Hong Kong businesswoman, heiress and philanthropist

Dr. Sabrina Ho Chiu-yeng (何超盈 (何超盈); born September 24, 1990) is currently working as a member in Board of Governors of the Hong Kong Arts Centre and a council member in Hong Kong Art School . She is also a Hong Kong businesswoman, heiress and philanthropist. She is the daughter of Stanley Ho, a casino tycoon, and Leong On-kei, a politician. Ho invested in businesses founded by women. In 2024, Ho was awarded a PhD from the New York University Steinhardt School of Culture, Education, and Human Development.

==Biography==
Ho's parents gave her the name Sabrina, naming her after the 1954 film of the same name starring Audrey Hepburn as her father enjoyed watching movies. She attended a boarding school in Yorkshire when she was 13 years old. Ho took a summer job in a court when she was sixteen, assisting the judge with photocopying, making coffee, and other duties. At 18 while she was still residing in England, she recommended that her family buy the French sweets maker Ladurée's Hong Kong and China rights. Although some meetings took place, her family did not purchase the rights since her mother was uncertain that people in Asia would purchase a sufficient quantity of macarons to be a financially sustainable acquisition. After another company chose to purchase the rights, her parents began "taking [her] more seriously". Ho attended the University College London where she was planning to receive a degree in art history. Her studies were interrupted owing to "family reasons" and she needed to move back to Hong Kong in the middle of her initial year at the university.

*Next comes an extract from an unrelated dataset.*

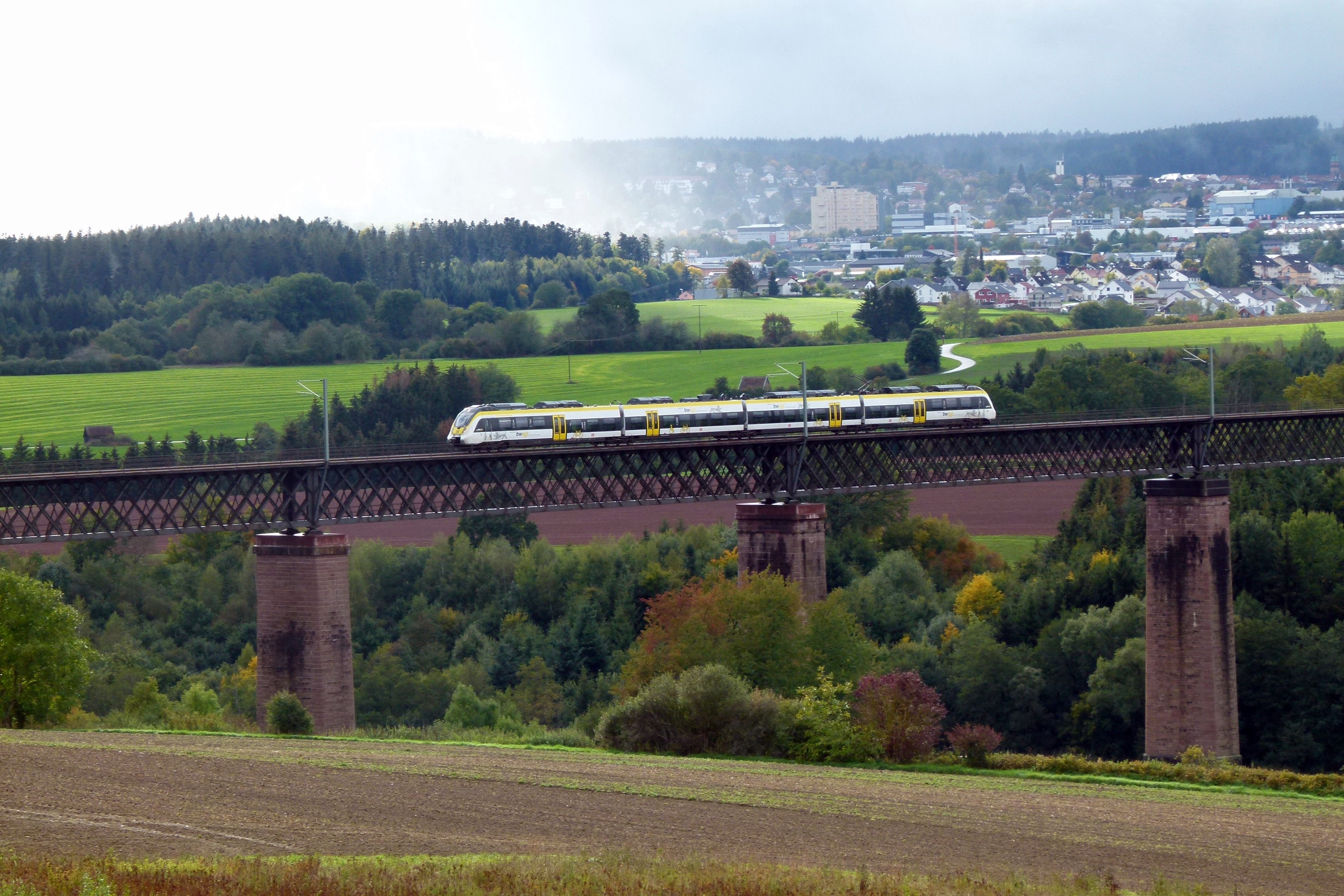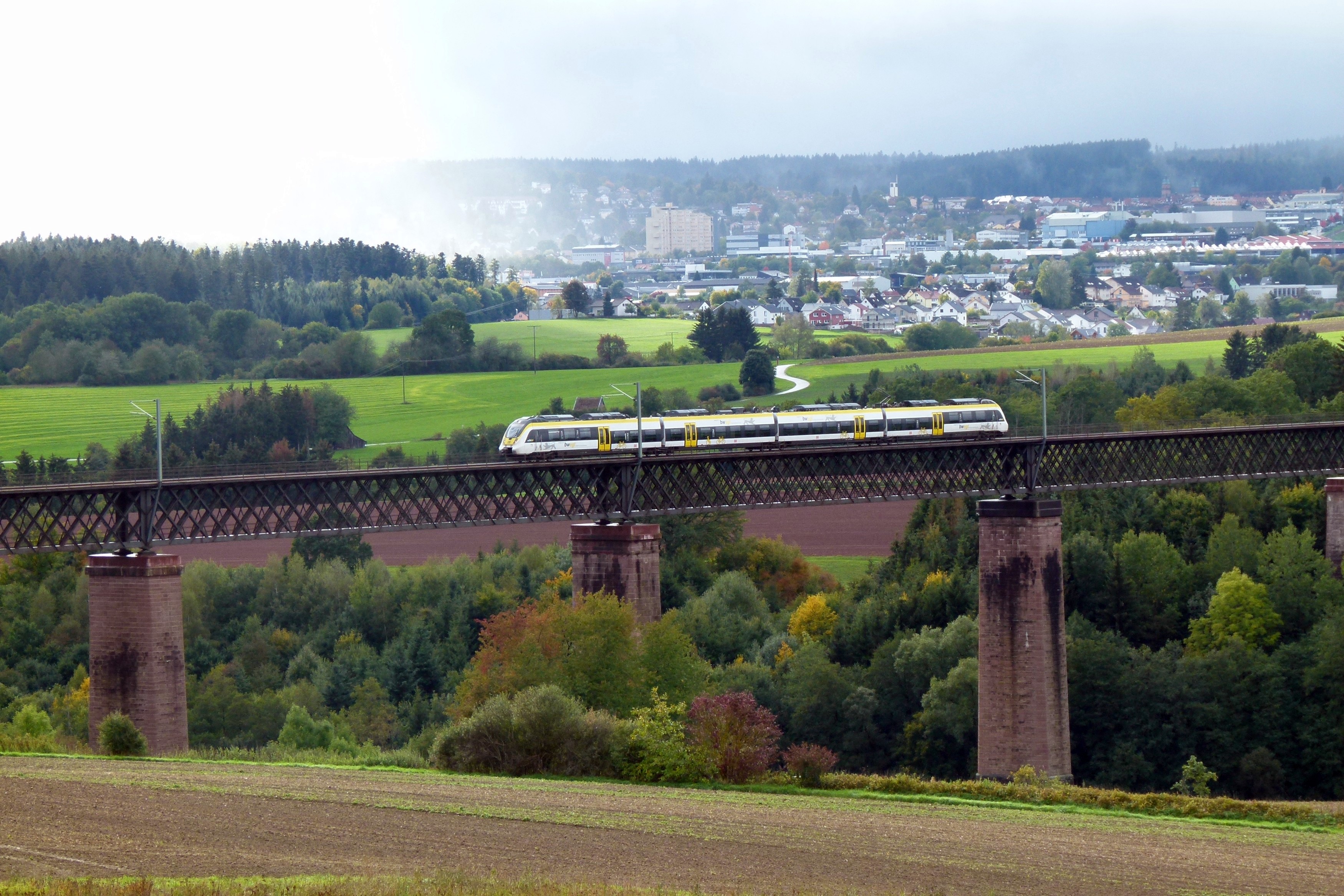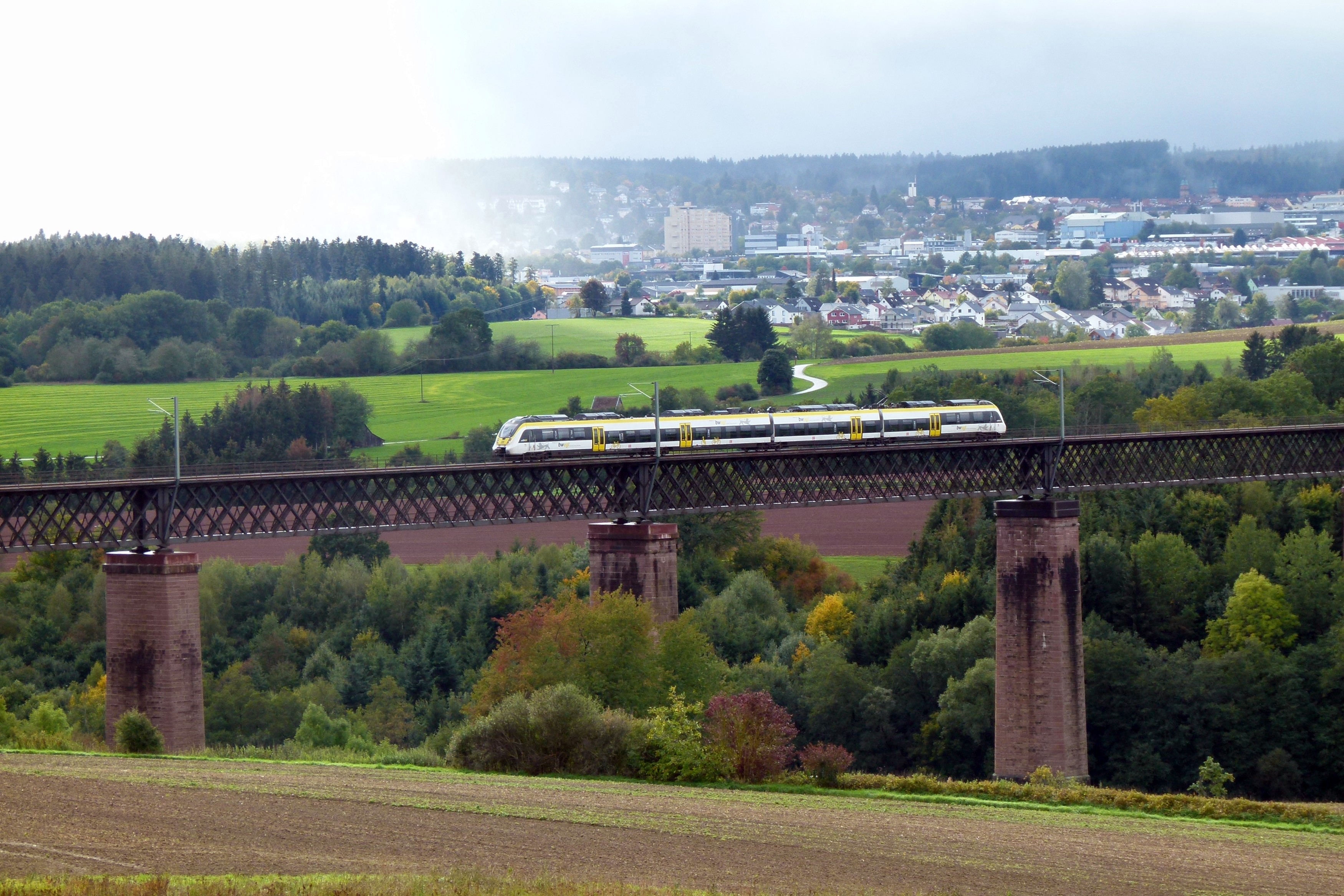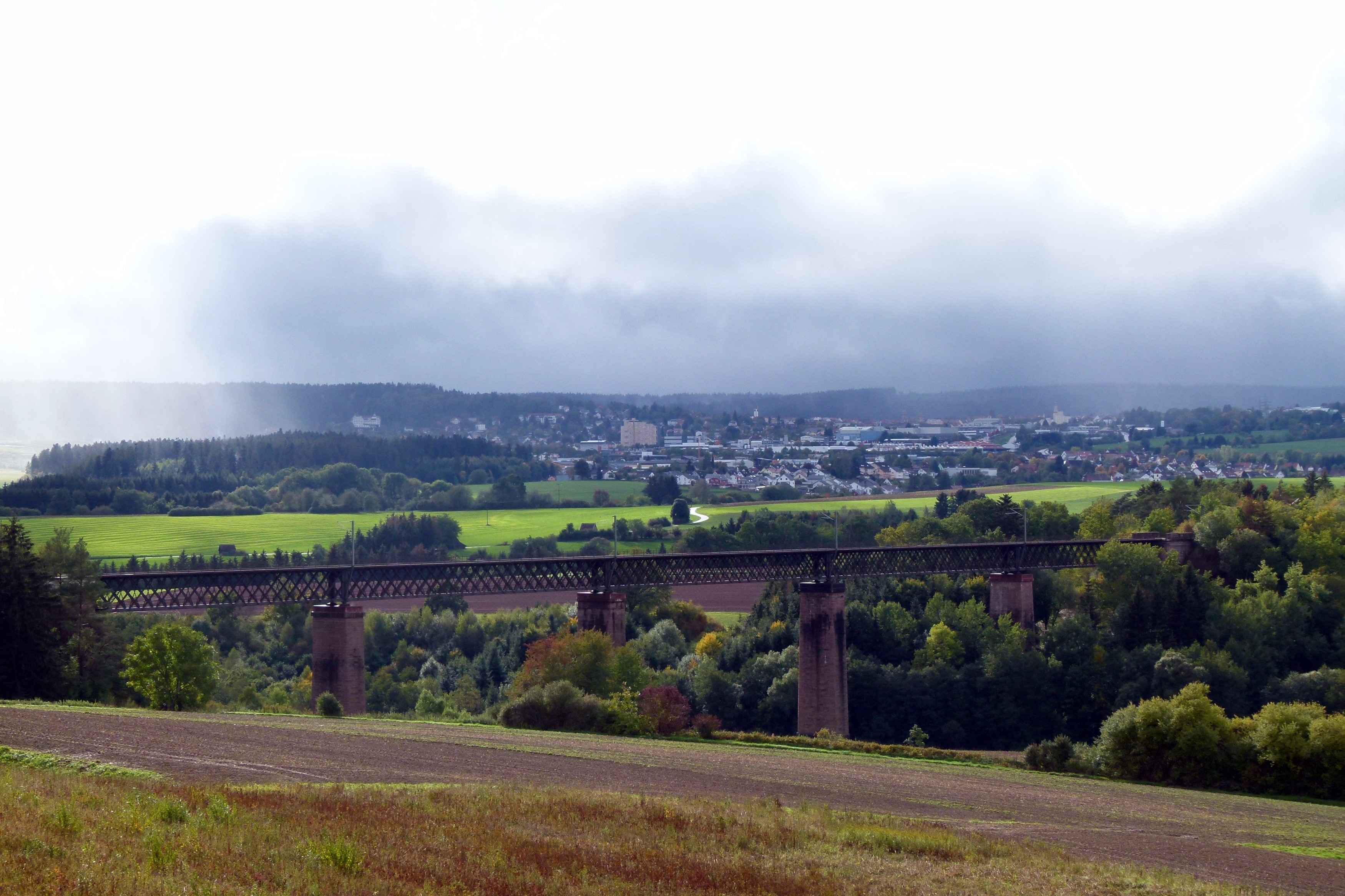 Bahnstrecke Eutingen im Gäu–Schiltach, abschnittsweise auch als Gäubahn beziehungsweise Kinzigtalbahn bezeichnet. Kübelbachviadukt, Baubeginn: 1875, Fertigstellung: 1879, Fachwerkbrücke mit obenliegender Fahrbahn, Höhe: ca. 45 m

Ho graduated from the University of Hong Kong in 2013 with an arts degree. Following her university studies, she joined her family business where she did marketing and branding for hotels and properties. Ho managed the renovation of Regency Hotel in Macau. According to Tatler, she "spent many months researching the history and heritage of similar buildings in the city in order to restore the hotel to its former glory while giving it a contemporary twist". Ho collaborated with Karl Lagerfeld and Versace on Grand Lisboa. Owing to her interest in art and auctions, Ho took on a part-time intern role at Poly Auction Beijing, where she answered telephone calls.

In 2015, Ho became the director and CEO of Poly Auction Macau. In January 2016, Ho organised the first Macau sales for Poly Auction Macau. The art fair showed the art of 60 budding Chinese creators. The art was shown in 60 Regency Hotel rooms that Ho had "personally designed".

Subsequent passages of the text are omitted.